Key configuration decisions:
- **4 islands** to match the 4 seed strategies, maintaining diversity throughout evolution
- **Artifacts enabled** so the LLM can reason about cooperation patterns and win/loss rates
- **Similarity threshold of 0.99** to discourage near-duplicate strategies from accumulating in the population

## Evolved Strategy: AdaptiveCycleBreakerTFT

The best evolved strategy (`best_program.py`) is named `AdaptiveCycleBreakerTFT`. It is a sophisticated refinement of the SecondByBorufsen seed, with several key changes:

**Mode Switching (every 15 turns instead of 25):**
- Evaluates opponent behavior more frequently, allowing faster adaptation
- Switches to permanent **Defect mode** if the opponent cooperated fewer than 3 times, or if less than 83% of their cooperations were in response to the player's own cooperation (stricter than the original 70% threshold)

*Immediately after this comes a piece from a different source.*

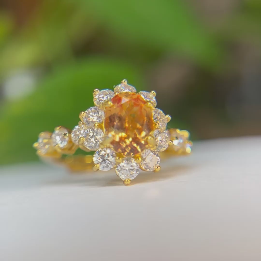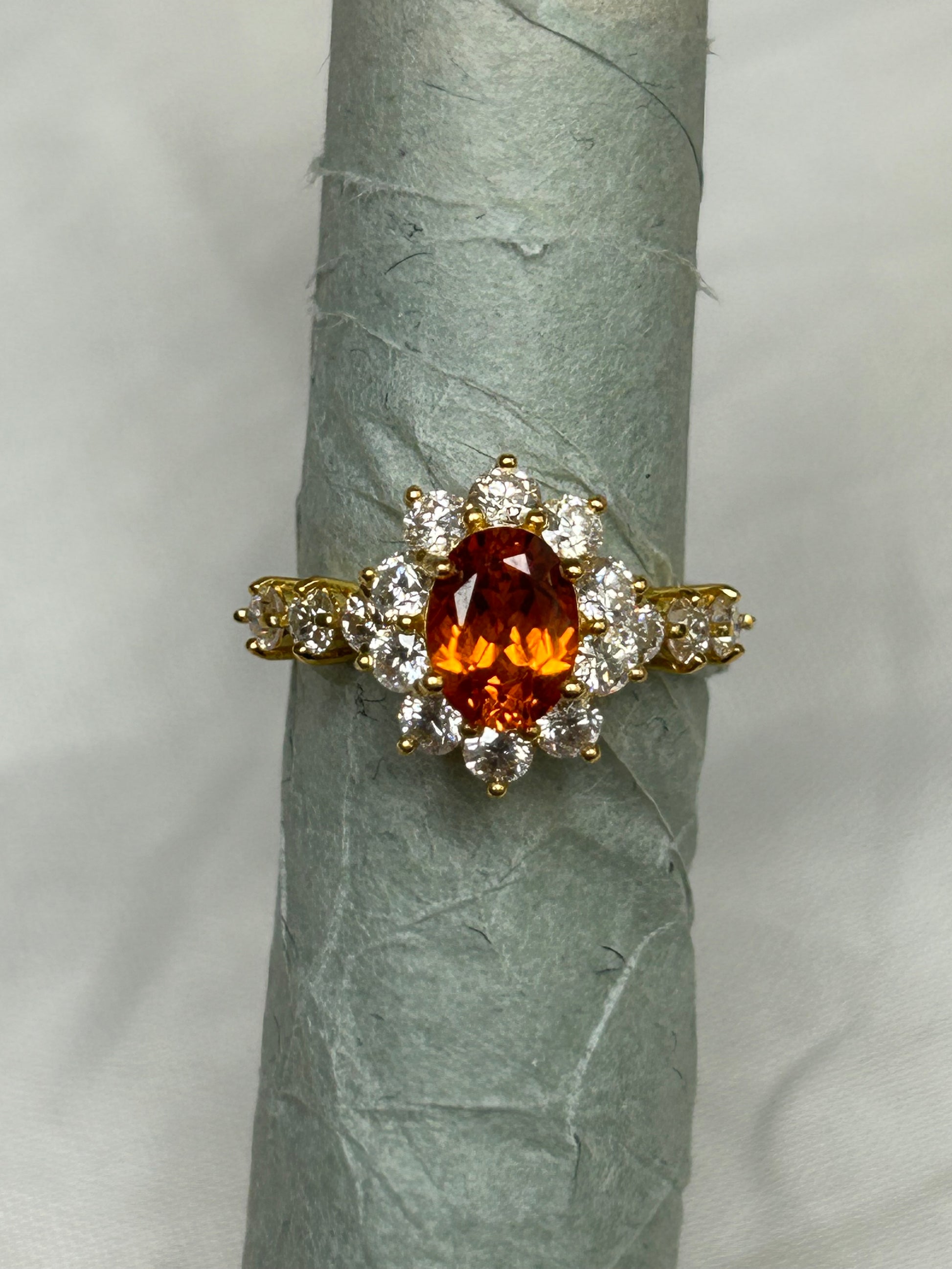 Regal yet radiant, this refined ring reimagines the iconic Princess Diana style with a modern, golden warmth. At its heart lies a 6x8mm lab-created orange sapphire—glowing with the rich, fiery tones of a sunset—set within a sunburst halo of brilliant moissanite.

**Cycle-Breaking in Normal Mode (triggers at streak ≥ 2 instead of 3):**
- If both players have mutually defected for 2+ consecutive turns, cooperate once to break the cycle
- If an alternating D/C echo pattern persists for 2+ turns, flag the next defect to become a cooperation

**Tit-for-Tat as Default:**
- When none of the special conditions apply, simply mirror the opponent's last move

The strategy is fully deterministic (`stochastic: False`) and has a declared `memory_depth` of 15, matching its re-evaluation period.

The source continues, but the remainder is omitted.